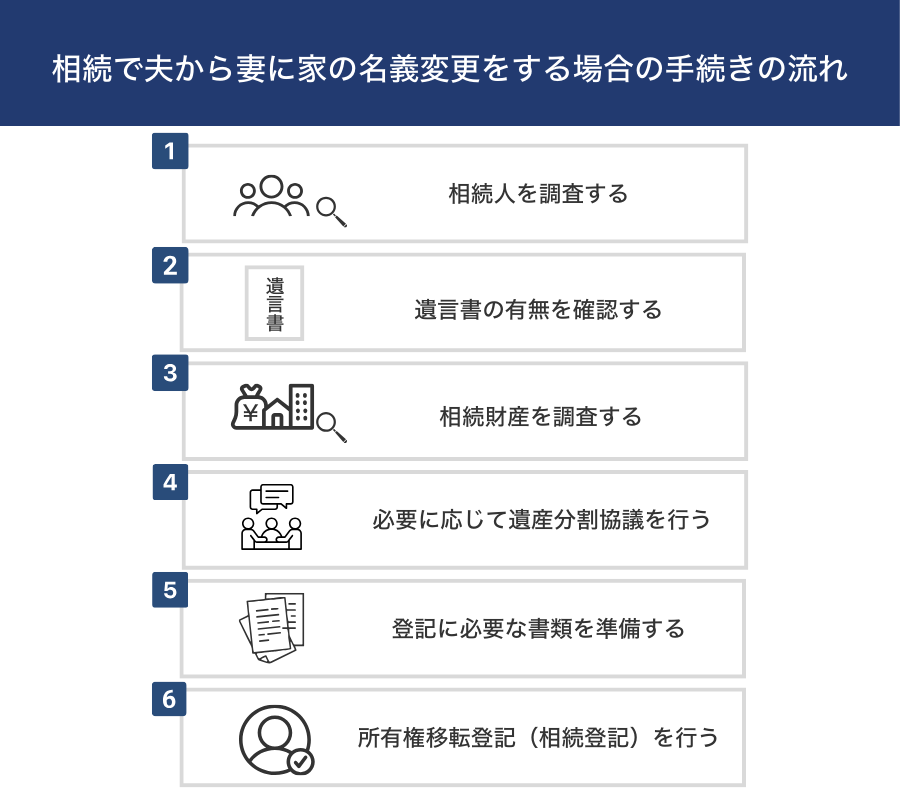 相続で夫から妻に家の名義変更をする場合の手続きの流れ
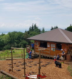 La cabane de la réception du Parc Aventure et du Laser Game se trouve juste à côté de la station supérieure du funiculaire de Chaumont.
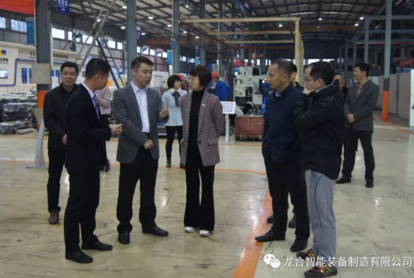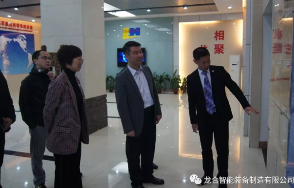 在公司杨静董事长、邱崇智总经理陪同下胡局长一行参观了龙合智能公司展示大厅及生产车间,了解了公司近几年的经营及进出口情况,对龙合智能公司近几年的发展给予了高度的赞赏和认可。
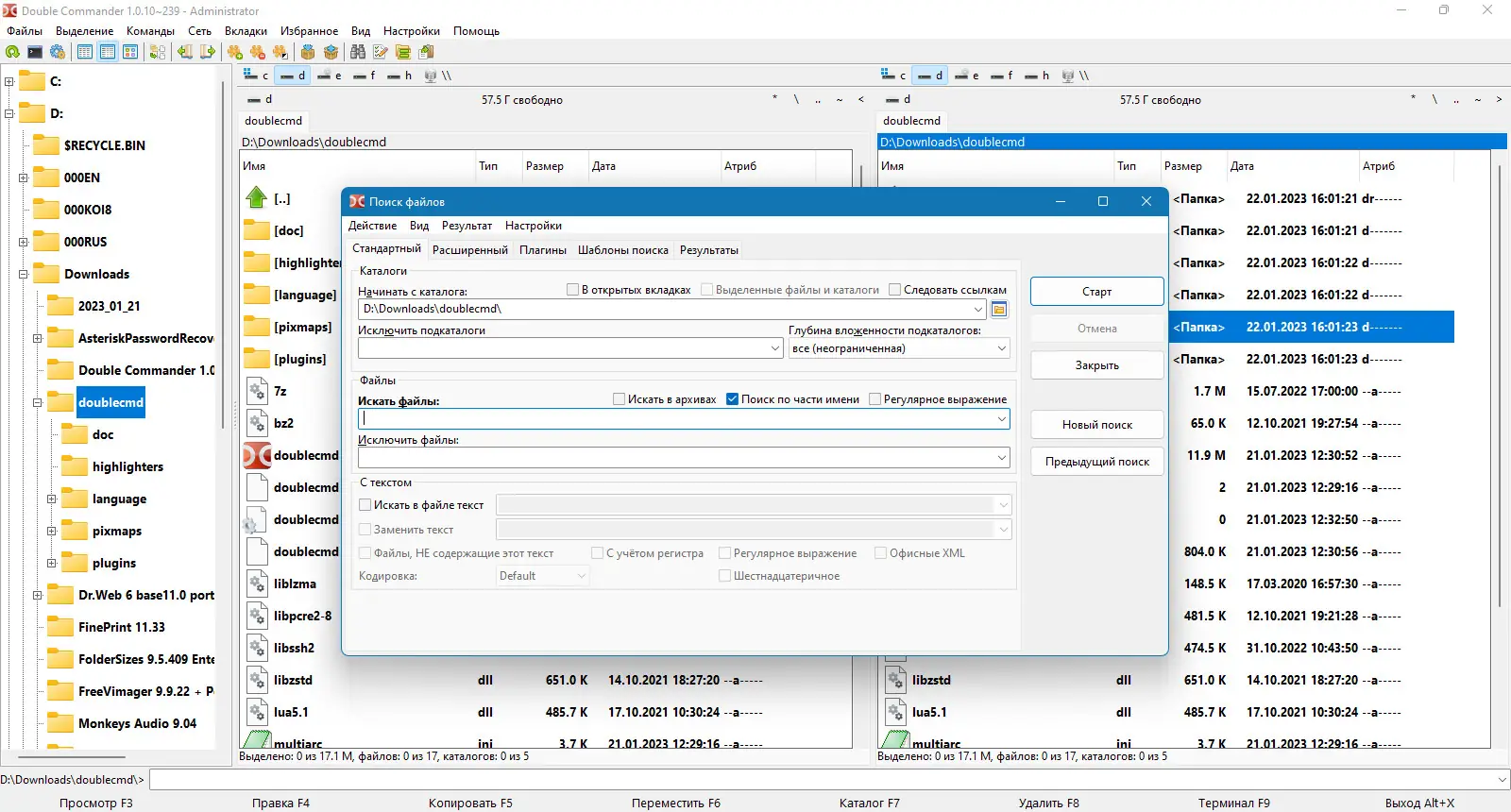 - Поиск файлов по имени и содержимому, включая текст в бинарных файлах, осуществляется с гибкими настройками фильтрации и регулярными выражениями.
===============
■ **Activity**:
Write the material above out again exactly. Omit every image.

■ **Answer box**:
 相続で夫から妻に家の名義変更をする場合の手続きの流れ
 La cabane de la réception du Parc Aventure et du Laser Game se trouve juste à côté de la station supérieure du funiculaire de Chaumont.
 在公司杨静董事长、邱崇智总经理陪同下胡局长一行参观了龙合智能公司展示大厅及生产车间,了解了公司近几年的经营及进出口情况,对龙合智能公司近几年的发展给予了高度的赞赏和认可。
 - Поиск файлов по имени и содержимому, включая текст в бинарных файлах, осуществляется с гибкими настройками фильтрации и регулярными выражениями.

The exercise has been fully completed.